DOI: 10.1161/circ.148.suppl_1.19002 ISSN: 0009-7322

Abstract 19002: Impact of Pulmonary Hypertension on Covid-19 Pneumonia Hospitalizations: Analysis of The National Inpatient Sample 2020

Mouna Kodali, Ramtej Atluri
  • Physiology (medical)
  • Cardiology and Cardiovascular Medicine

Background: SARS-CoV-2 swept across the globe, overwhelming healthcare systems across the world regardless of borders and socioeconomic factors. COVID pneumonia (CP) can result in ARDS and increased pulmonary artery pressures.
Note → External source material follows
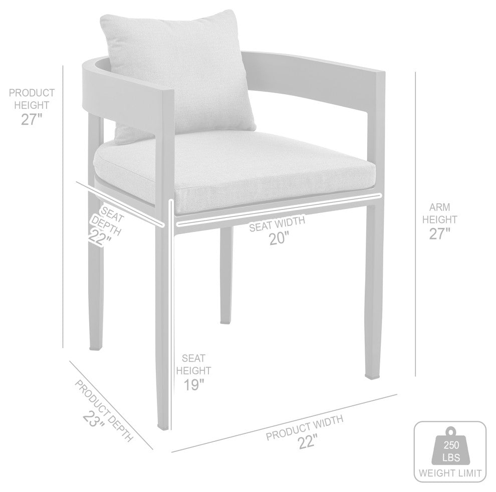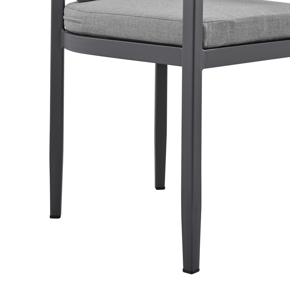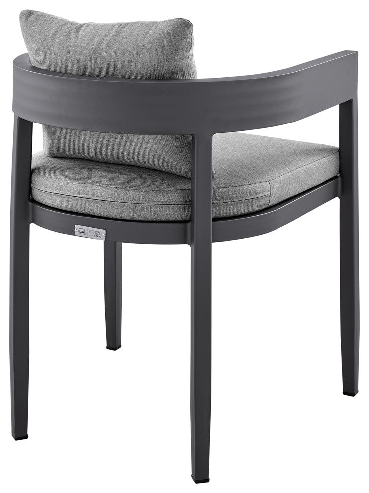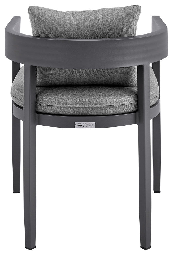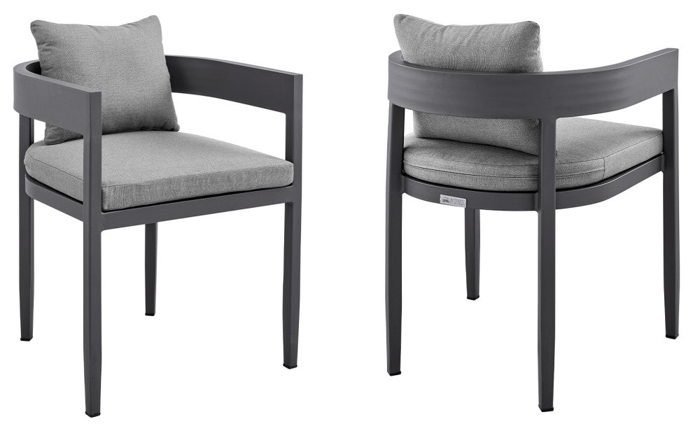 Create an inviting and sophisticated setup for your outdoor space with the Menorca outdoor dining chairs "“ set of 2 from Armen Living. Featuring a modern and elegant design, these outdoor chairs remain a versatile addition to any setting. These patio dining chairs embrace a barrel silhouette to wrap you in comfort. The dark grey cushions are removable and feature a zipper closure, making clean up a breeze! This outdoor furniture dining chair set features high-quality materials that come together gracefully for a look that is well-suited to your backyard, patio, pool area, garden, or screened in porch. Lightweight and durable aluminum framework make the Menorca outdoor chairs with cushions are easily portable and feature a multi-layer powder coating for further effective protection from the elements and everyday wear and tear. This is a perfect set of chairs to use indoors and is treated to withstand being outdoors. Without having to worry about UV, rust, or weather damage, the Menorca chairs are ideal for your home, regardless of your location. The Menorca outdoor dining chairs are sold as a set of 2 and can support up to 308lbs per chair. Available in a dark grey powder-coated finish with dark grey cushions, the Menorca chairs have a seat height of 19 inches.

Pulmonary hypertension (PHT) is generally a chronic cardiopulmonary disease that is associated with progressive vascular remodeling. We aimed to assess the impact of underlying PHT on CP patients with a large sample size.

Methods: We utilized the National Inpatient Sample from 2020 to identify 1,058,815 hospitalized adults with CP. These hospitalizations were further stratified based on the presence of PHT. A multivariate regression model was used to adjust for confounders and analyze the variables.

Results: Of those who were admitted for CP, 24,284 (2.3%) had PHT. In-hospital mortality was higher in those with PHT (19.6% vs 10.9%; p<0.001). Figure 1 shows the Forrest plot for multivariate analysis of in-hospital outcomes when adjusted for patient demographics, comorbidities, and hospital characteristics. When adjusted similarly, CP patients with PHT had longer length of stay (LOS) by 1.3 days (p<0.001) and had additional hospital costs (HC) of $23,232 (p<0.001).

Conclusions: CP patients who had PHT had significantly worse outcomes in terms of in-hospital mortality, LOS, HC, cardiac arrest, arrhythmias, sepsis, cardiogenic shock, and being intubated. These patients are unable to tolerate the ventilation-perfusion mismatch and the rise in pulmonary arterial pressures seen in ARDS.